• Task data:
===

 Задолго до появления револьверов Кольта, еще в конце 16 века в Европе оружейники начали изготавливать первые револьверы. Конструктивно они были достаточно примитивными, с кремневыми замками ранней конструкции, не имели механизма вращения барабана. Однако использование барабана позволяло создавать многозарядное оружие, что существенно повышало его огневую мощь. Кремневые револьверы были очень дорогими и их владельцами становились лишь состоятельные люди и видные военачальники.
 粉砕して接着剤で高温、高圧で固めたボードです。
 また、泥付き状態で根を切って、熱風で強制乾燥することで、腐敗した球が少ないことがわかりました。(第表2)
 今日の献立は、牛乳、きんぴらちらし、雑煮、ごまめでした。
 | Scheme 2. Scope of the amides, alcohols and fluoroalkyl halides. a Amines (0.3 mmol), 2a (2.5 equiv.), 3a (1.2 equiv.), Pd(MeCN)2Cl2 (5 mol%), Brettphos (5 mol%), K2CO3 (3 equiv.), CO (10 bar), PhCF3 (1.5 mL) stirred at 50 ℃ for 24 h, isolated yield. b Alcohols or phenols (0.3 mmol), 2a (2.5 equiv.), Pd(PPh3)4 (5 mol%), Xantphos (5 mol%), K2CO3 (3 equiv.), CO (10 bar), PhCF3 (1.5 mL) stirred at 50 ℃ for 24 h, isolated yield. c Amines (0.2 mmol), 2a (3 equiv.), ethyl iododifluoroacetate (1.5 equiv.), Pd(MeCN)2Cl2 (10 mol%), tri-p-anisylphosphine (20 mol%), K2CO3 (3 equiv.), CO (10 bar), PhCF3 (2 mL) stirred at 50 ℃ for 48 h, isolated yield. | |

===

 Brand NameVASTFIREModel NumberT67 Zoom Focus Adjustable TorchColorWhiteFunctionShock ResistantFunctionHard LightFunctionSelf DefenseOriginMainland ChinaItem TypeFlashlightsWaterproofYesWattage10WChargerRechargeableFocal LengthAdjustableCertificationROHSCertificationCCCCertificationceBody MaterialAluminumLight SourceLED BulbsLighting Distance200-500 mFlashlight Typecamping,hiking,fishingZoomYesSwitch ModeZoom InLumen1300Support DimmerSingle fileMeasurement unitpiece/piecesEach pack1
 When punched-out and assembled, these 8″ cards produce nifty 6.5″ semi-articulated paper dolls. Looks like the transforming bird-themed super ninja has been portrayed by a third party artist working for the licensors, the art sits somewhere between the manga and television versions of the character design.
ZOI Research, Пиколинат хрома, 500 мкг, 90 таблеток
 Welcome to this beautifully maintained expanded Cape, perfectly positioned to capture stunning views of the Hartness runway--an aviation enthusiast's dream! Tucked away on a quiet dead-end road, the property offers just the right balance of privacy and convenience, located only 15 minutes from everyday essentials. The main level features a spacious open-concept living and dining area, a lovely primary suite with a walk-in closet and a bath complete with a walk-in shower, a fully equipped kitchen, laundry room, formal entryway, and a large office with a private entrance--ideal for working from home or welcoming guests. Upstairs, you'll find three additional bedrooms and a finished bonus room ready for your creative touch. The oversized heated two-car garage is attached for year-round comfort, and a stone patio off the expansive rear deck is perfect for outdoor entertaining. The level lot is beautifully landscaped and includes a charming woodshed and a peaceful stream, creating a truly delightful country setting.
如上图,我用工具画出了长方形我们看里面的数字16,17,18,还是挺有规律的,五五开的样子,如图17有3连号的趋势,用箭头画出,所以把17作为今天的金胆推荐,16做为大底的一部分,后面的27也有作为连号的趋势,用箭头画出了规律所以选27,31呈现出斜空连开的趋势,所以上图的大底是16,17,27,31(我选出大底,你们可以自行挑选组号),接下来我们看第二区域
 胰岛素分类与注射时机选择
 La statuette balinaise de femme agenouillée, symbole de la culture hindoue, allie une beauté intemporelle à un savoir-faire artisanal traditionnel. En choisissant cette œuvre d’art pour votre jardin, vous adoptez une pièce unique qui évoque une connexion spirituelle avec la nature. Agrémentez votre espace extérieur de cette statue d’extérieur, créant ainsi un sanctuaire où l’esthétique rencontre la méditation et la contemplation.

===

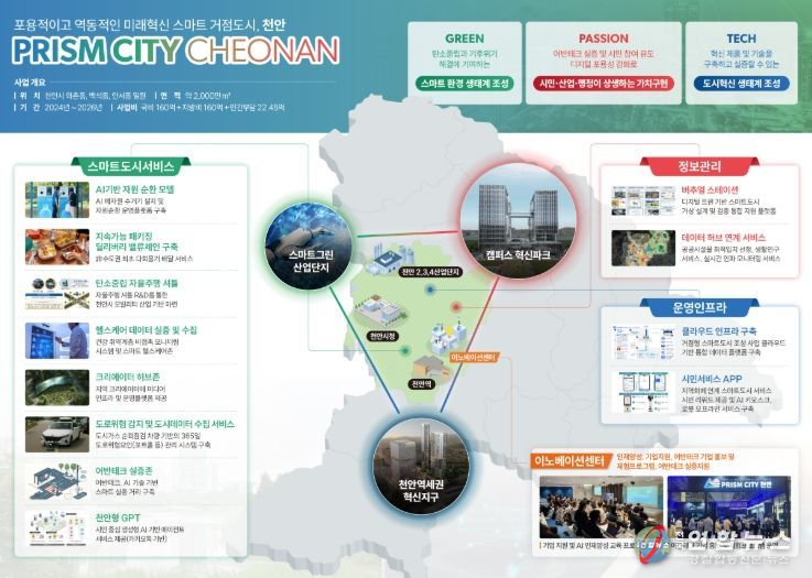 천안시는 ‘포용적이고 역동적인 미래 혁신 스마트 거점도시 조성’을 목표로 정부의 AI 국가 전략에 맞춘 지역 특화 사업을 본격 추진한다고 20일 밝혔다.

===

• Work request: Would you copy, unchanged, the stretch of the records above that begins at the line containing "When punched-out and" and ends at the line containing "ZOI Research, Пиколинат", and only that?

• Solution below:
 When punched-out and assembled, these 8″ cards produce nifty 6.5″ semi-articulated paper dolls. Looks like the transforming bird-themed super ninja has been portrayed by a third party artist working for the licensors, the art sits somewhere between the manga and television versions of the character design.
ZOI Research, Пиколинат хрома, 500 мкг, 90 таблеток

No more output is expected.